The roar of the blades sent a murder of crows shrieking into the gray sky.

It was nice to see I wasn't the only thing in North Yorkshire currently being startled out of my wits.

If three alphas were a 'pack' and crows were a 'murder,' I wondered what the collective noun was for one omega and her three spectacularly bad decisions. A catastrophe, probably.

“Ready,” Fritz mouthed as the helicopter touched ground.

I nodded.

As the blades slowed to a whine, I saw a familiar figure standing by the gate to the field.

Maeve.

She was wrapped in a cardigan that looked like it had been knitted by a frantic grandmother, her arms crossed over her chest as she stared at the helicopter like it was an alien spacecraft.

Her black hair whipped around her face in the downdraft, and even from here, I saw the skeptical set of her jaw.

I pulled off the headset and hopped out, my boots hitting the damp peat. The smell of wet earth hit me immediately. It was a world away from the polished marble and heavy scents of London.

For a second, I just breathed it all in.

The wind cut through my jeans. I'd forgotten how the North Yorkshire air bit. How it made your eyes water and your nose run and your lungs feel clean.

"Look at you," Maeve called out, her Irish lilt cutting through the wind. "Miss Fancy Pants arriving in her whirly-bird. I suppose you're too good for a bus now?"

I ran to her, throwing my arms around her. She smelled of laundry detergent and her body soap. It was the smell of home.

"I missed you," I said into her shoulder.

"I can see that. You look like you've been through a hedge backwards," she muttered, though she squeezed me back hard enough to make my ribs ache.

Her hands found my shoulders, pushing me back so she could look at me properly.

Her eyes flicked to the mark on my neck, and her expression went flat. "So he really did it."

"He did."

"Bastard."

Her eyes moved past me to Fritz, who was hopping out of the cabin, looking entirely too handsome for a damp field. His shoes were going to be ruined. Probably cost more than my caravan.

“Is that him?”

“No.”

"So who's the golden boy?" Maeve asked, her voice cool.

"Fritz," I said, pulling back. "He's part of the pack."

Maeve's face went flat. "Right. An alpha.
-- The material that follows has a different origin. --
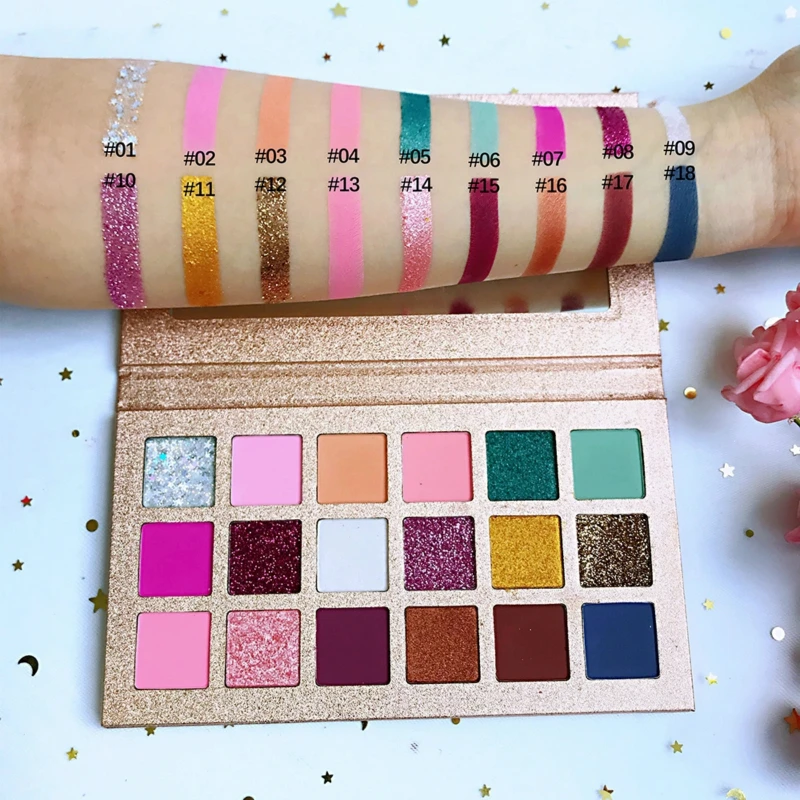Оптовая торговля. Палитра теней для век 18 цветов. Матовая и блестящая палитра теней для век без логотипа.
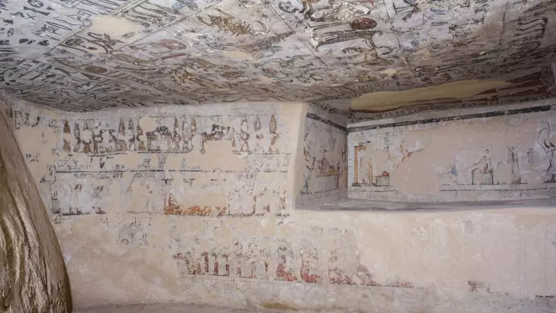 كما تغطي الجدران مناظر جنائزية وزخارف ملونة على الملاط، تمتد حتى جوانب كوة الدفن وسقفها وأرضيتها، في مشهد فني نادر لم يُشاهد مثله إلا في القليل من المواقع المصرية.

Lovely."

Fritz approached with an easy smile, his hand extended. "Maeve, I presume. Presley's told me a lot about you."

Maeve looked at his hand like it might bite her. After a long, uncomfortable moment, she shook it once, quick and perfunctory.

"Has she now," Maeve said. "Well, I hope she told you I don't trust alphas as far as I can throw them. And seeing as you're built like a brick shithouse, that's not very far."

Fritz's smile didn't waver. "And so you shouldn’t."

Maeve’s mouth opened and then closed.

She took my hand and we walked toward my caravan, the small, silver bullet of a home looking smaller than I remembered.

It sat in the shadow of the stone wall, looking lonely.

The window box with the frozen pansies was still there, the flowers now completely dead.

Brown and brittle and clinging to the stems out of sheer stubbornness.

I led the way inside, my hand on the flimsy door handle. I had to lift and twist at the same time, the trick I'd perfected over years of living here. The door swung open with a creak that needed oil.

The familiar scent of old wood and lavender greeted me. It smelled smaller than I remembered. Cramped. The kitchenette with its two-ring hob. The table that folded down from the wall. The bed at the back that doubled as storage.

This had been my whole world for two years.

Now it felt like a shoebox.

"Mr. Cheddar?" I called out.

A soft meow came from the bed. That’s when I saw the ginger loaf of fur curled up right in the center of my duvet, his tail wrapped around his nose. My heart melted.